SECTION 4. Chapter 10 of Title 4, Chapter 27 of Title 6, Sections 4-29-67 through 4-29-80, and Sections 12-37-250 through 12-37-295 of the 1976 Code are repealed.

SECTION 5. (1) Any funds held by a county or municipality on the date of the repeal of the local option sales tax as provided in Section 4 of this act must continue to be used for those purposes provided by Chapter 10 of Title 4 of the 1976 Code before its repeal.

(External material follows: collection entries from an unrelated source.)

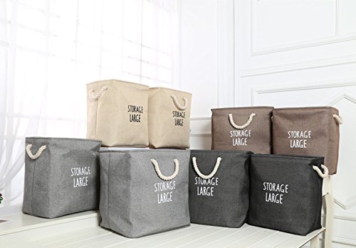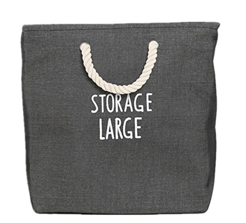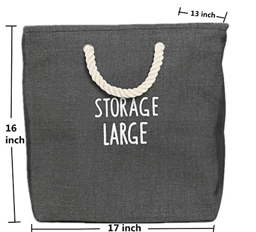 FUNNYGO thicken Storage Bin with Cotton Handles Decorative Baskets for Toys, Nursery, Baby and Laundry Hamper (DarkGrey)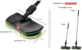ممسحة لاسلكية إلكترونية - ممسحة دوارة لا سلكية يمكن استخدامها سواء رطبًا او جافًا ، ومصممة تلقائيًا بالكامل لتنظيف الأرضية أو تلميعها باستخدام محرك دوار عالي السرعة 300 لفة في الدقيقة.تأتي هذه الممسحة الثقيلة مع بطارية Li-MH مدمجة قابلة لإعادة الشحن بقوة 2200 مللي أمبير في الساعة ، والتي لديها القدرة على تنظيف الأرضية لمدة 50 دقيقة تأتي الممسحة معاها 4 غيارات (2 للتنظيف + 2 للتلميع) قابلتين للغسل قابلة للتبديل ، مما يتيح لك توفير المال من شراء ملحقات بديلة جديدة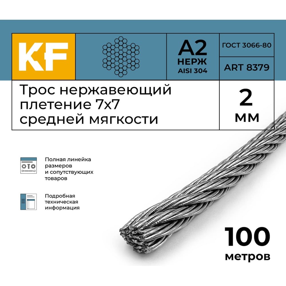 Трос KREPFIELD 8379А2ТРОС2ММ-100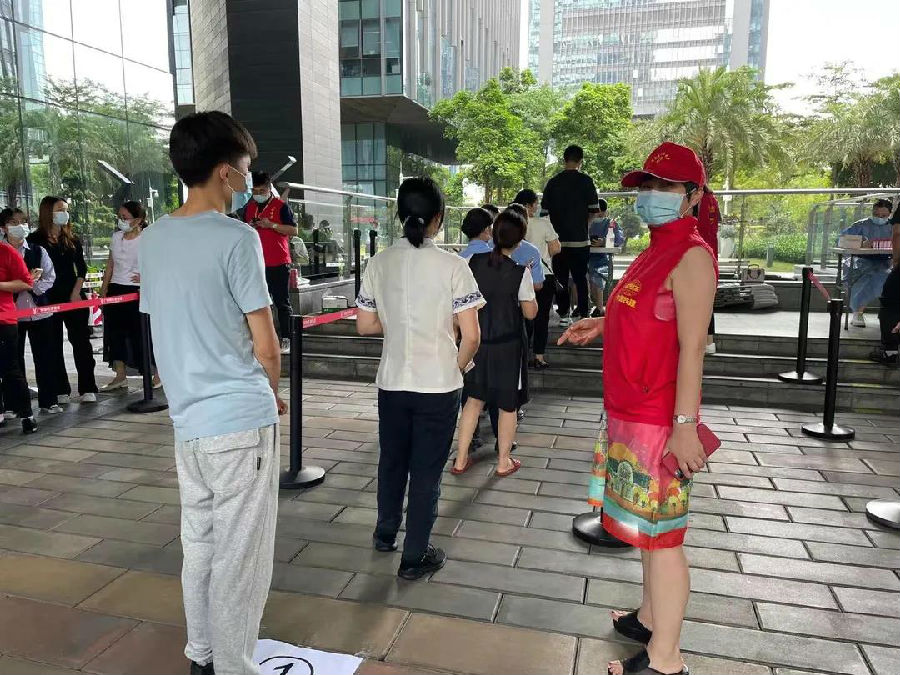 自廣州新型冠狀病毒肺炎疫情發生以來,華南建設主動與當地有關部門、社區取得聯系,以較高的政治站位、勇于擔當作為的姿態,以晝夜奮戰在一線的抗疫戰士為榜樣,積極投身疫情防控志愿服務工作。6月8日,廣州通報感染者涉及的144個重點場所,萬勝圍廣場是其中之一。為阻斷疫情傳播鏈條,萬勝園區開展3天2檢的全民核酸檢測,任務異常繁重。公司黨委一邊主動與園區物業取得聯系,一邊動員員工參與檢測服務??吹饺豪镎心贾驹刚叩男畔⒑?,總部員工紛紛主動請纓,報名參加“萬勝園區抗疫突擊隊”,于6月10日上午,協助核酸檢測工作人員開展了秩序維護、引導咨詢、便民利民等志愿服務。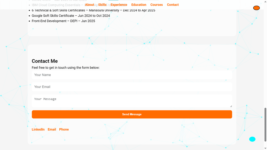 حاصل على شهادات في CCNA، الحوسبة السحابية (IBM & AWS basics)، وبرمجة الويب لتعزيز المهارات العملية والتطبيقية.

(2) Any fee in lieu of tax agreement executed before the effective date of the repeal of Section 4-29-67 of the 1976 Code shall continue in full force and effect, and payments required to be made thereunder must continue to be made and must also continue to provide revenue for the payment of any special source revenue bonds issued before the effective date of the repeal of Section 4-29-68 of the 1976 Code. From Property Tax Relief Fund distributions, the county treasurer shall refund the amount of the fee in lieu of taxes to the fee payor and shall allocate the refund amount proportionately among those entities receiving a share of the fee in lieu payment.

(3) The General Assembly declares that the purpose of this act is to eliminate the need for state aid to local subdivisions through the repeal of ad valorem taxation and the replacement of the revenue lost through other means and as such is separate legislation for this sole purpose within the meaning of Section 6-27-50 of the 1976 Code.

SECTION 6. This act takes effect July 1, 1995./

Amend title to conform.

POINT OF ORDER

Rep. GONZALES raised the Point of Order that Amendment No. 71 was out of order as it was dated March 16, 1994, and was not the previous amendment that was on the desk when cloture was ordered.